- **YOUR INSTRUCTIONS**
The pictures stay out; all of the data is to be printed exactly.

- **PROVIDED MATERIAL**

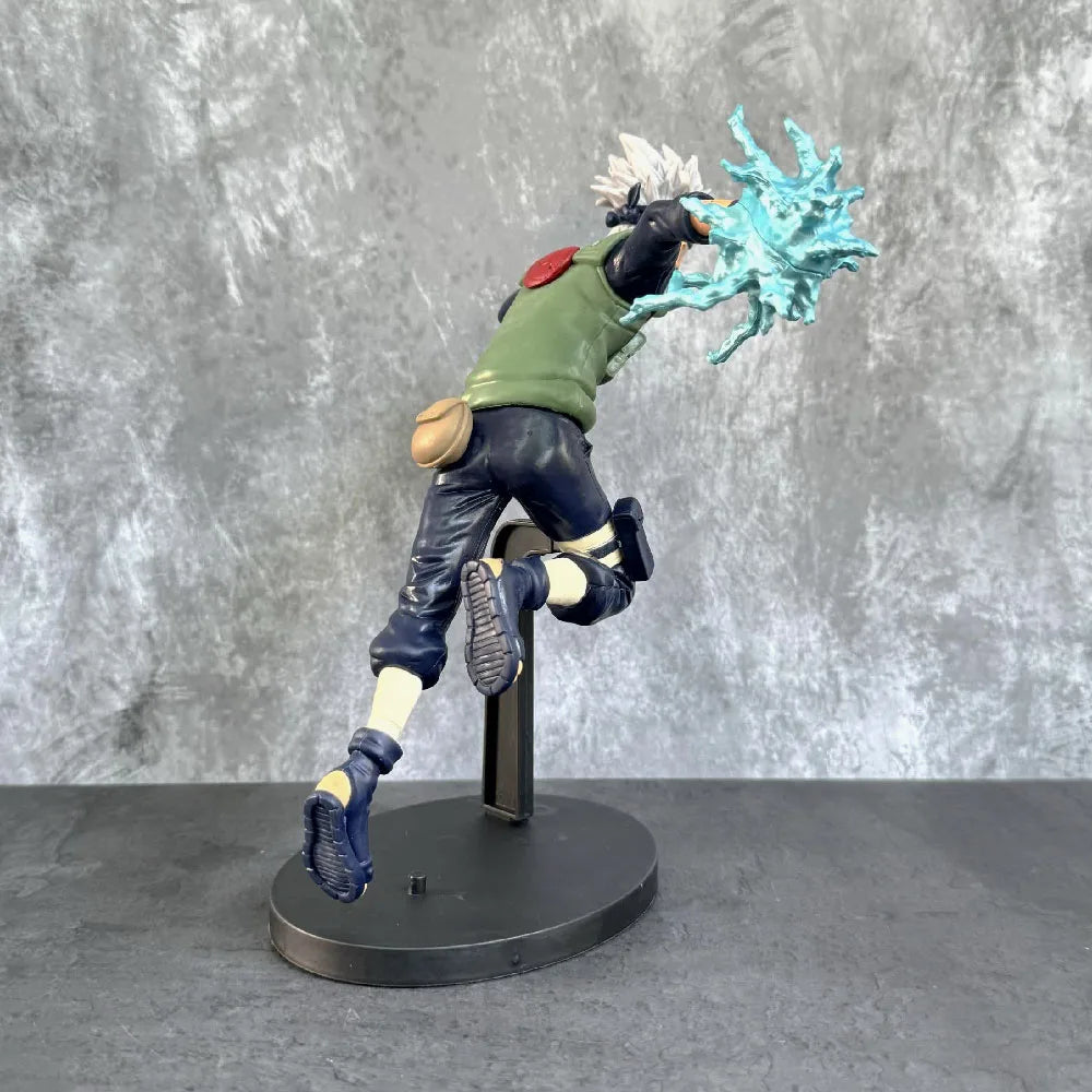 This highly detailed figure showcases Kakashi in his classic jonin attire, with a fierce combat expression and glowing blue chakra sculpted into an electrifying effect. Mounted on a floating stand to recreate the mid-air strike pose, it’s a true visual treat for any Naruto fan.
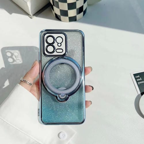 Para Xiaomi Redmi 12C Rotación Magsafe Holder Gradient Glitter TPU Funda para Teléfono (Azul Sierra)
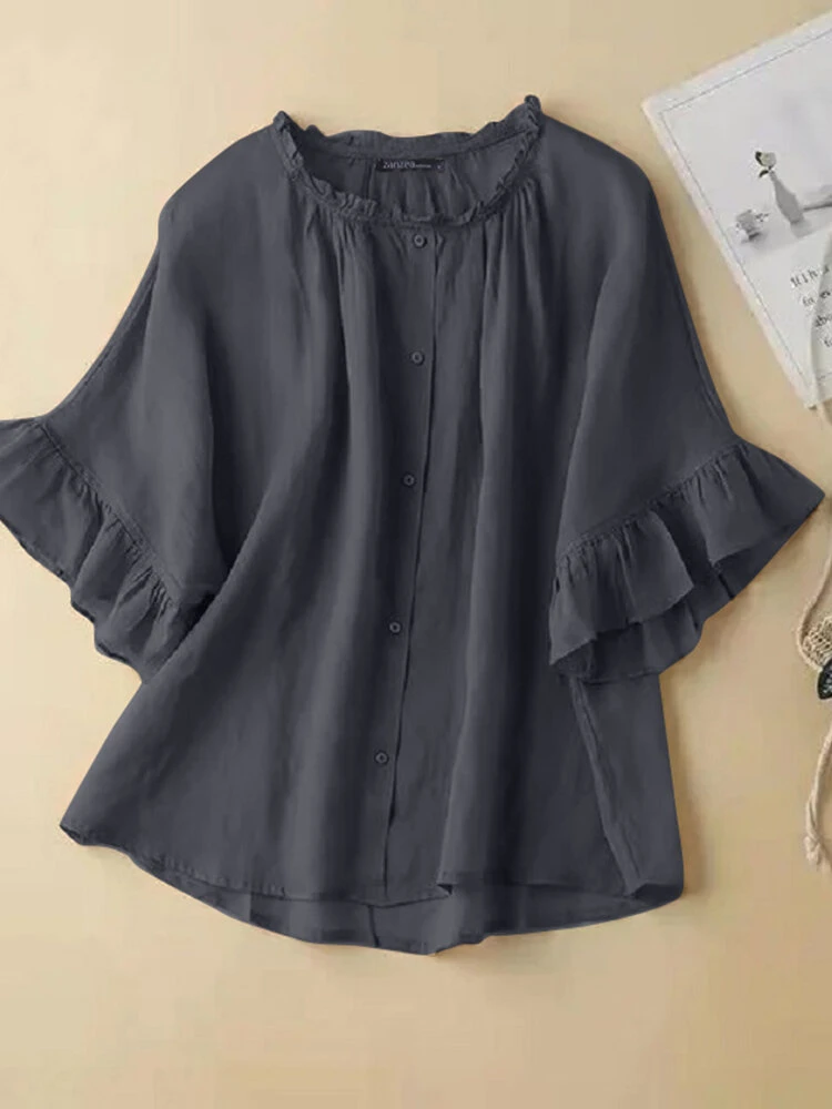 Be the first to review “Women Solid Ruffle Sleeve Crew Neck Casual Blouse” Cancel reply

- **TASK RESPONSE**
 This highly detailed figure showcases Kakashi in his classic jonin attire, with a fierce combat expression and glowing blue chakra sculpted into an electrifying effect. Mounted on a floating stand to recreate the mid-air strike pose, it’s a true visual treat for any Naruto fan.
 Para Xiaomi Redmi 12C Rotación Magsafe Holder Gradient Glitter TPU Funda para Teléfono (Azul Sierra)
 Be the first to review “Women Solid Ruffle Sleeve Crew Neck Casual Blouse” Cancel reply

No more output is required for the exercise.